### What to produce
Because the pictures are not wanted, reproduce the rest of the records below exactly as they stand.

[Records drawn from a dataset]
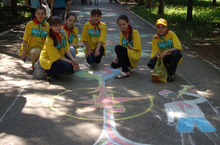 19 мая во Дворце школьников прошел муниципальный конкурс поздравительных открыток «Взвейтесь кострами!», посвященный 90-летию пионерской организации. В конкурсе принимали участие 4-5 классы школ города. Так как рисовать цветным мелком на асфальте любят все ребята без исключения, команд было много. Сначала ветераны рассказали ребятам о пионерском движении. Затем команды в составе 7 человек выбрали себе участок асфальта 2x3 метра, на котором 30 минут рисовали свои открытки. И, наконец, церемония награждения. Наши лицеисты поработали на славу, за что и были награждены дипломом за 2 место!
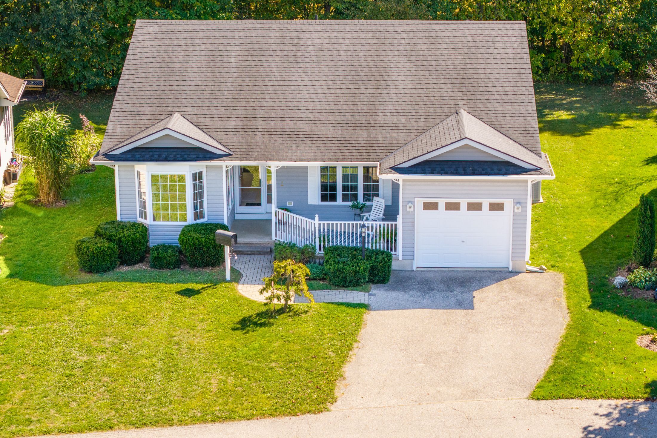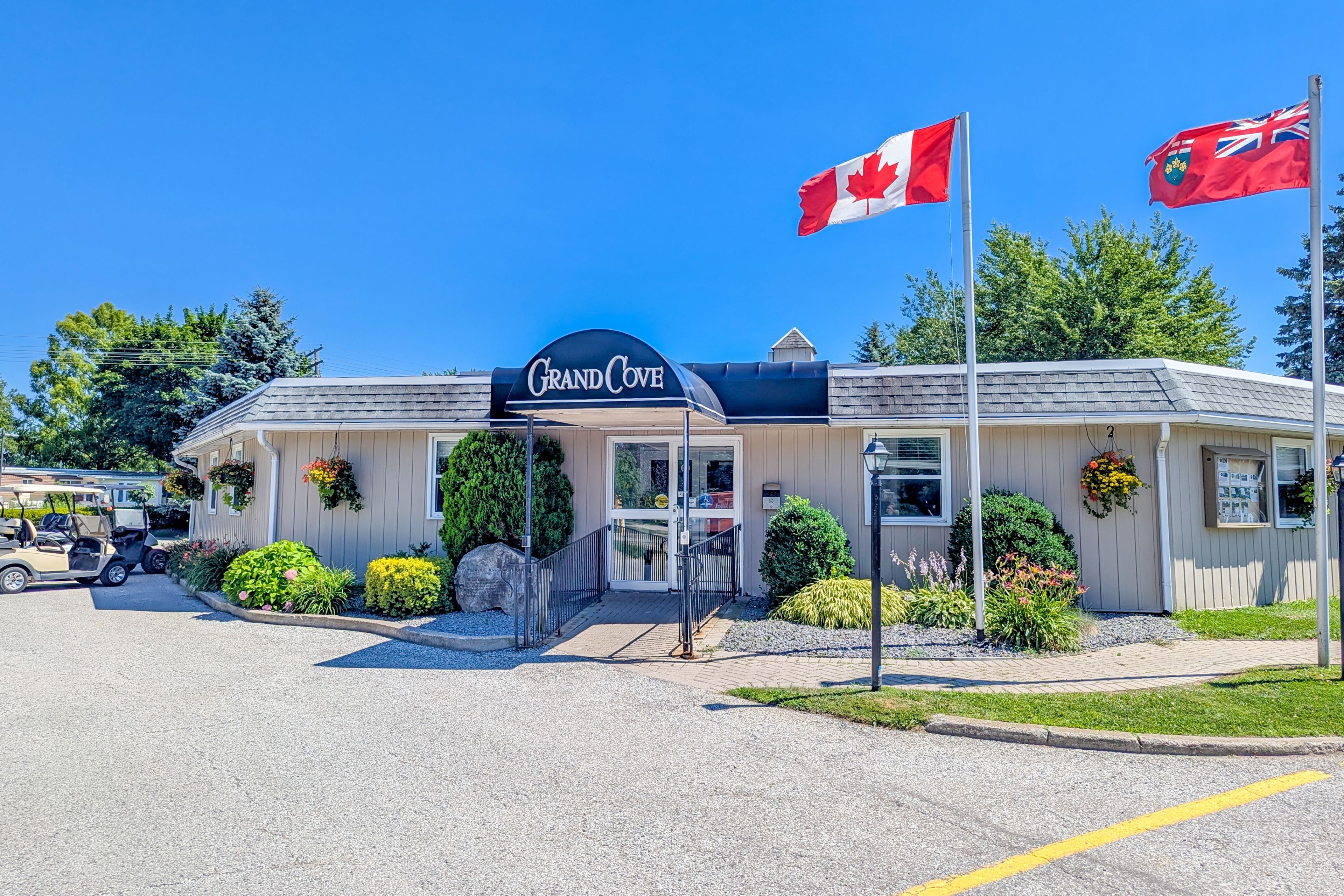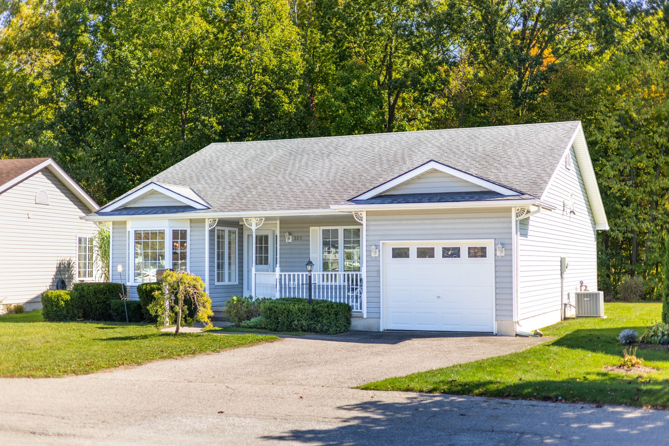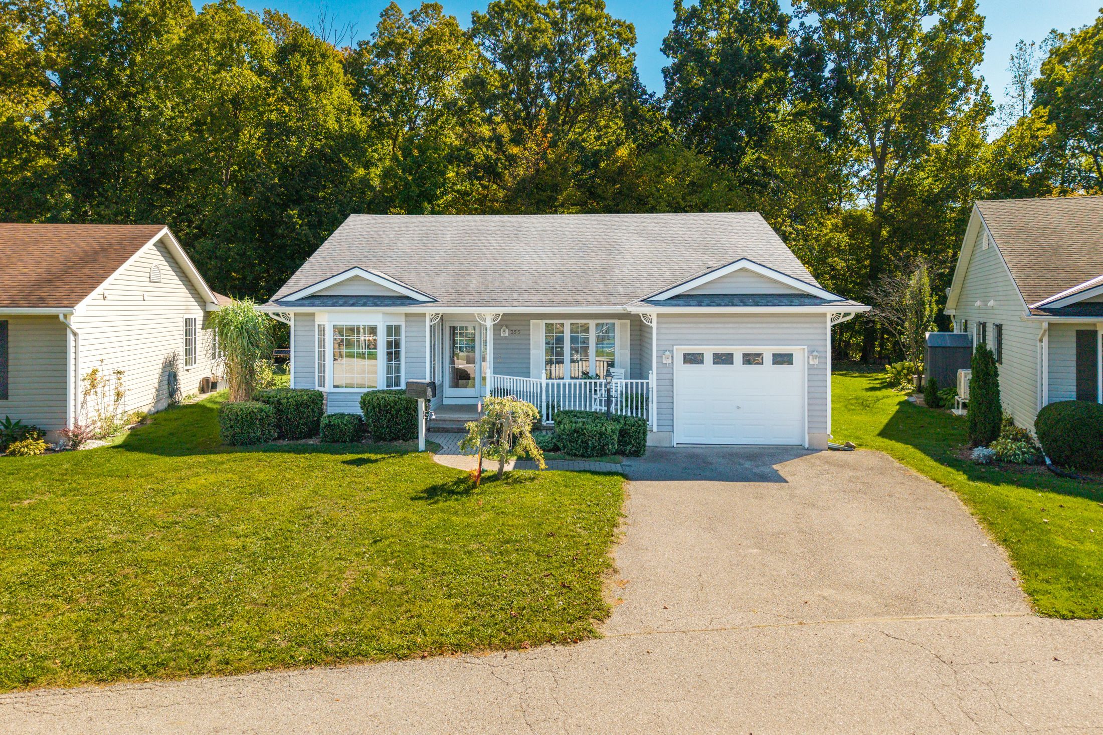 Grand cove site built home with garage backing onto mature woods | view of the water/grand cove nature pond from front of home | best price in the back row of shannon blvd we have seen in years! Come fall in love with one of the best locations in grand bend's sought after grand cove retirement community. This is rice homes' 2003 1450 sq ft huntington model and it's being offered for resale for the first time in history! This lovely property has only had its original owners, who hand-picked this prime location from the developer. Case in point, this is a top location in the cove, but the house itself is sure to impress as well! As you enter the home, you are bathed in natural light below vaulted ceilings accenting the open concept living kitchen, dining area in a way that makes it feel larger than life. Just beyond the gas fireplace, you'll walk out to an updated sundeck adjacent to one of several bay windows in the home overlooking your own private forest. The kitchen with breakfast nook is in great condition with all appliances included with the refrigerator just updated a few years ago. The 2 bedrooms and 2 full bathrooms are both very generous in size and also an excellent condition. The main level master with walk-in closet, large bay window and an ensuite bath with his and hers sinks is a rare feature in grand cove. Speaking of rare features in grand cove, not only does this site-built gem have an attached garage with inside entry to a large mudroom with laundry and laundry sink, it also has a partial height basement with a full concrete floor offering an endless amount of dry storage. The furnace, a/c, washer/dryer, and the roof were just replaced a few years ago - so much value here! Priced well below every recent site build with a garage (and even the one that just sold without a garage) this one won't last long. Land lease fees of approximately $850 a month are applicable.
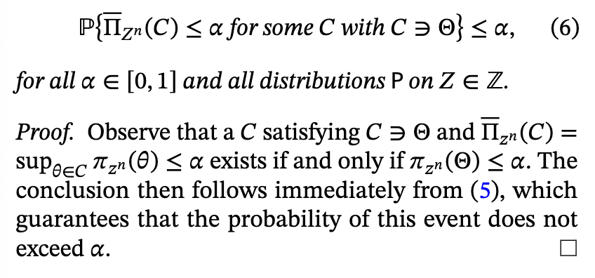 (6) 中的事件“存在某个满足 𝐶 ∋ Θ 的集合 𝐶”可被视为所有包含 Θ 的断言 𝐶 的并集。这显然比与任何一个固定的、包含 Θ 的集合 𝐶 相关的事件要宽泛得多,这意味着 (6) 中的概率界比 (3) 中相应的界更强。这种更强的校准概念确保了:即使数据分析人员没有遵循在数据收集之前预先设定感兴趣断言的推荐做法,而是让数据影响其对断言的选择,错误的结论仍然能被控制在罕见的范围内。
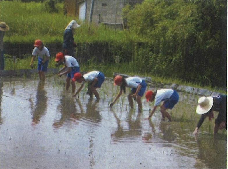 〇稲作作り体験活動(田植えから脱穀まで)と餅つき、餅配り。
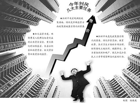 中央纪委驻国家发改委纪检组组长彭森透露,今年将继续执行好临时价格干预措施,加强企业成本调查,适时公布企业生产经营成本,抑制企业超出成本增加幅度的不合理涨价行为。依法查处经营者捏造散布涨价信息、串通涨价、囤积居奇、哄抬价格等违法行为。
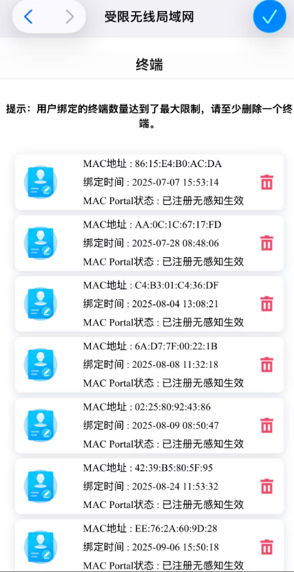 终端无线认证无感知用户达到上限,弹出一个Portal,用户手动删除无效,这个需要怎么调试?麻烦懂的人答复一下,谢谢!

### Your solution
 19 мая во Дворце школьников прошел муниципальный конкурс поздравительных открыток «Взвейтесь кострами!», посвященный 90-летию пионерской организации. В конкурсе принимали участие 4-5 классы школ города. Так как рисовать цветным мелком на асфальте любят все ребята без исключения, команд было много. Сначала ветераны рассказали ребятам о пионерском движении. Затем команды в составе 7 человек выбрали себе участок асфальта 2x3 метра, на котором 30 минут рисовали свои открытки. И, наконец, церемония награждения. Наши лицеисты поработали на славу, за что и были награждены дипломом за 2 место!
 Grand cove site built home with garage backing onto mature woods | view of the water/grand cove nature pond from front of home | best price in the back row of shannon blvd we have seen in years! Come fall in love with one of the best locations in grand bend's sought after grand cove retirement community. This is rice homes' 2003 1450 sq ft huntington model and it's being offered for resale for the first time in history! This lovely property has only had its original owners, who hand-picked this prime location from the developer. Case in point, this is a top location in the cove, but the house itself is sure to impress as well! As you enter the home, you are bathed in natural light below vaulted ceilings accenting the open concept living kitchen, dining area in a way that makes it feel larger than life. Just beyond the gas fireplace, you'll walk out to an updated sundeck adjacent to one of several bay windows in the home overlooking your own private forest. The kitchen with breakfast nook is in great condition with all appliances included with the refrigerator just updated a few years ago. The 2 bedrooms and 2 full bathrooms are both very generous in size and also an excellent condition. The main level master with walk-in closet, large bay window and an ensuite bath with his and hers sinks is a rare feature in grand cove. Speaking of rare features in grand cove, not only does this site-built gem have an attached garage with inside entry to a large mudroom with laundry and laundry sink, it also has a partial height basement with a full concrete floor offering an endless amount of dry storage. The furnace, a/c, washer/dryer, and the roof were just replaced a few years ago - so much value here! Priced well below every recent site build with a garage (and even the one that just sold without a garage) this one won't last long. Land lease fees of approximately $850 a month are applicable.
 (6) 中的事件“存在某个满足 𝐶 ∋ Θ 的集合 𝐶”可被视为所有包含 Θ 的断言 𝐶 的并集。这显然比与任何一个固定的、包含 Θ 的集合 𝐶 相关的事件要宽泛得多,这意味着 (6) 中的概率界比 (3) 中相应的界更强。这种更强的校准概念确保了:即使数据分析人员没有遵循在数据收集之前预先设定感兴趣断言的推荐做法,而是让数据影响其对断言的选择,错误的结论仍然能被控制在罕见的范围内。
 〇稲作作り体験活動(田植えから脱穀まで)と餅つき、餅配り。
 中央纪委驻国家发改委纪检组组长彭森透露,今年将继续执行好临时价格干预措施,加强企业成本调查,适时公布企业生产经营成本,抑制企业超出成本增加幅度的不合理涨价行为。依法查处经营者捏造散布涨价信息、串通涨价、囤积居奇、哄抬价格等违法行为。
 终端无线认证无感知用户达到上限,弹出一个Portal,用户手动删除无效,这个需要怎么调试?麻烦懂的人答复一下,谢谢!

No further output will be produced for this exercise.